In sum, we argue that although an effect was predicted based on previous research, the absence of an effect of balance of bilingual exposure in autistic children may be explained by differences in the study designs and participant characteristics. Therefore, further research is required with larger cohorts.

4.3. Discussion of research question 3

Following the finding in RQ2 that balance of exposure within contexts contributes to first-order false belief understanding in NT children, we further investigated whether this effect was direct or mediated via EF.Footnote 7 Analyses revealed a significant direct effect of the balance of exposure to languages that was not mediated via EF. This is consistent with the view that being exposed to different languages within specific contexts enhances ToM, in and of itself, independently of EF. Therefore, our findings provide additional support for Díaz’s (Reference Díaz2021) hypothesis, namely that bilingualism may directly enhance ToM as children exposed to people speaking different languages within context infer that these people may also have different perspectives, thus leading to better performance in ToM.

5. Conclusion

Due to the increasing number of bilingual neurotypical and autistic children, it is necessary to better understand the effects of bilingualism on cognitive abilities, including ToM. Whereas there is substantial research on the effects of bilingualism on ToM in NT children, mostly applying group comparisons between monolingual and bilingual children and reporting bilingual advantages, the understanding of the impact of bilingualism on ToM in children with ASD is still limited. Additionally, for both autistic and NT children, it is not clear what potential aspects of bilingual experience impact ToM. The current study showed that both monolingual and bilingual children with ASD, in comparison to their NT peers, show persistent challenges with ToM. As ToM is crucial for social communication and interaction (Slaughter et al., Reference Slaughter, Imuta, Peterson and Henry2015), potential ways of ToM enhancement could be useful, and bilingualism may present one such “natural” source. Group comparisons between monolingual and bilingual NT, as well as monolingual and bilingual autistic children, showed no significant differences between the language groups. However, within NT bilingual children, the extent of balance of exposure to different languages within contexts significantly predicted first-order false belief understanding via a direct effect. This effect was indeed not mediated by EF, as previously hypothesized (Kovács, Reference Kovács2009), potentially due to a reduced reliance of the ToM measure used on EF. This finding furthermore highlights the complexity and heterogeneity of the characteristics of bilingual participants that are missed when applying group comparisons. In autistic children, however, no effects of balance of exposure were found on ToM.

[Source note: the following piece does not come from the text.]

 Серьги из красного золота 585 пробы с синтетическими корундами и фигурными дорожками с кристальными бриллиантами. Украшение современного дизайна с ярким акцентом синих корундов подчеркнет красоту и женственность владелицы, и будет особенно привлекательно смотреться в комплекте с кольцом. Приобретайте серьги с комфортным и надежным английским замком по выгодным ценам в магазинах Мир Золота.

While this study emphasizes the role of balance of language exposure for ToM, it is limited by the fact that the sample came from households with a high socioeconomic status, which may introduce bias into the investigation (Peristeri et al., Reference Peristeri, Silleresi and Tsimpli2022). Additionally, 16 participants were not tested in their most proficient language due to limitations in the availability of testing materials, which were restricted to five languages (English, French, German, Italian and Spanish). In these cases, participants were assessed in their second-best language, as required by the testing protocol. While this potential confound was controlled by incorporating a measure of participants’ proficiency in the language of testing, it remains possible that this factor influenced performance. Furthermore, the balance of exposure to languages across and within contexts was calculated based on detailed estimations of the “current” exposure to these languages, indicating the relative amount of time children were exposed to interactions in different languages in the last 12 months, therefore not capturing the individual’s language diversity in their lifetime. Including a cumulative measure, considering the languages being heard within specific contexts during the entire life, would allow an even more “realistic” measurement of the predictor of the bilingual experience. However, such a score cannot be calculated from the current version of the Q-BEx questionnaire and would thus require the creation of a new parental questionnaire.

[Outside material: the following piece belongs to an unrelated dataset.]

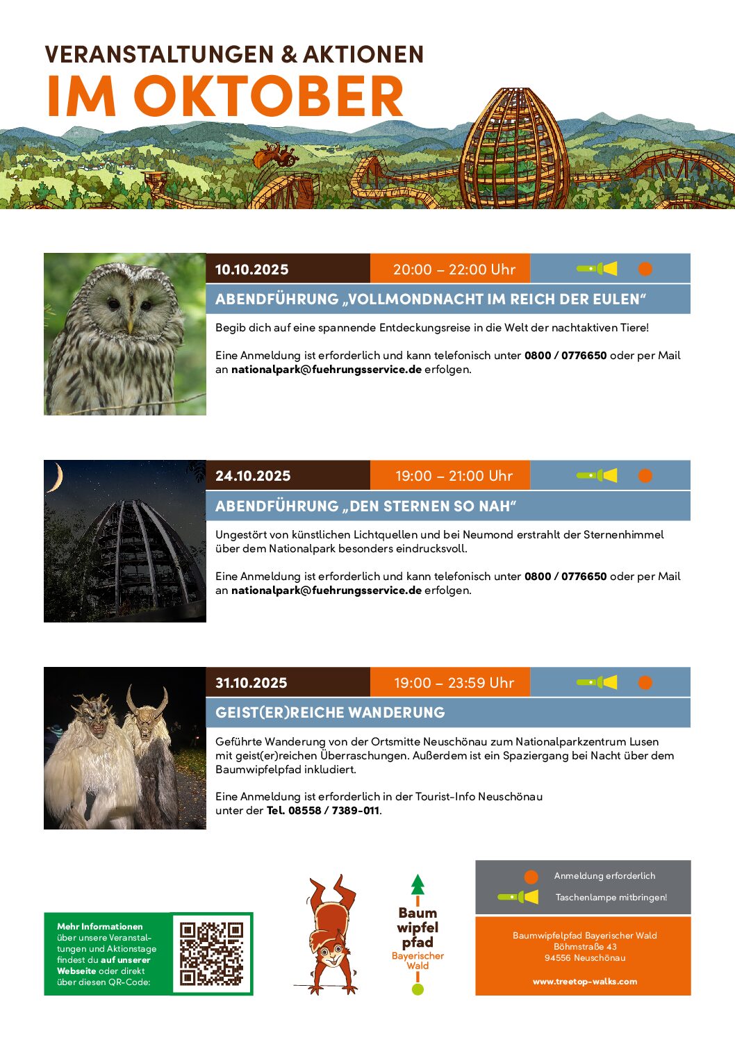 Nehmen Sie doch an einer der täglichen Führungen über den Baumwipfelpfad teil – geschulte Waldführer nehmen Sie mit auf einen Spaziergang über den Pfad und geben Ihnen interessante Informationen zu Natur, Nationalpark und zum Wipfelweg.

Among the participants included in this study, 79 were trilinguals. Exposure to three languages across or within various contexts may present an even richer and more diverse experience than exposure to only two. To capture this complexity, measures such as the entropy score are particularly valuable, as they quantify not only the balance but also the diversity of exposure across and within contexts.Footnote 8

Furthermore, other bilingual factors such as age of onset may as well interact with exposure to shape cognitive outcomes. Future studies could investigate how the timing and duration of bilingual exposure influence the development of ToM, offering a more comprehensive understanding of bilingualism effects. Similarly, including L2 proficiency, assessed with an objective measure, such as the PPVT, could allow further insights into the potential influence of this dimension of bilingualism.”

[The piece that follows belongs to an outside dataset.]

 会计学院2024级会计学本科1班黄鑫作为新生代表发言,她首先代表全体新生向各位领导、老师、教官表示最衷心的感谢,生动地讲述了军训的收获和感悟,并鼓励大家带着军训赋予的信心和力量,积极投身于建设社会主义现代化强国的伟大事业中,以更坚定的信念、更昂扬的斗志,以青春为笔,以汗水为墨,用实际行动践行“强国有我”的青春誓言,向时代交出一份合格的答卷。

A further limitation concerns the complexity of Block 3 in the ToM task, which involved linguistically demanding questions (e.g., “Now what does the clown think will happen first?”). While this level of complexity is common in second-order false belief tasks, it may have impacted participants’ comprehension and performance. Future research could include a measure of complex sentences, such as the Test of Reception of Grammar (TROG; Bishop, Reference Bishop2003), to control for comprehension of complex sentences and control for verbal short-term memory. Alternatively, future research could consider simplified versions of these tasks, such as those proposed by Marinis et al. (Reference Marinis, Andreou, Bagioka, Baumeister, Bongartz, Czypionka, Golegos, Peristeri, Skrimpa, Durrleman and Terzi2023), who omitted a test question, to ensure accessibility across diverse language and cognitive profiles.

To conclude, our findings suggested that the continuous measure of bilingual experience, specifically the balance of exposure within contexts, was a significant predictor of first-order false belief understanding in NT children. In contrast, a binary classification of language background (bilingual versus monolingual) did not emerge as a significant predictor. This discrepancy aligns with other work questioning the utility of categorical definitions of bilingualism (e.g., Huang et al., Reference Huang, Baker and Wang2023; Yow & Li, Reference Yow and Li2024), particularly in research exploring nuanced cognitive and developmental outcomes such as ToM. The reliance on binary classifications in past research may have oversimplified the diverse experiences of language users and failed to capture critical variations in linguistic exposure and usage. Cognitive advantages, such as those observed here, emerged through a continuous measure of bilingual experience (e.g., balance of exposure) rather than a traditional binary classification, highlighting that overlooking essential nuances in linguistic diversity may obscure important effects. This aligns with recent theoretical accounts (e.g., Díaz, Reference Díaz2021), which emphasize that the cognitive advantages attributed to bilingualism are likely rooted in dynamic and context-dependent interactions with diverse linguistic exposure. For instance, children with more balanced multilingual exposure are believed to engage in continuous monitoring and adaptive communication, enhancing their ability to infer and navigate others’ mental states.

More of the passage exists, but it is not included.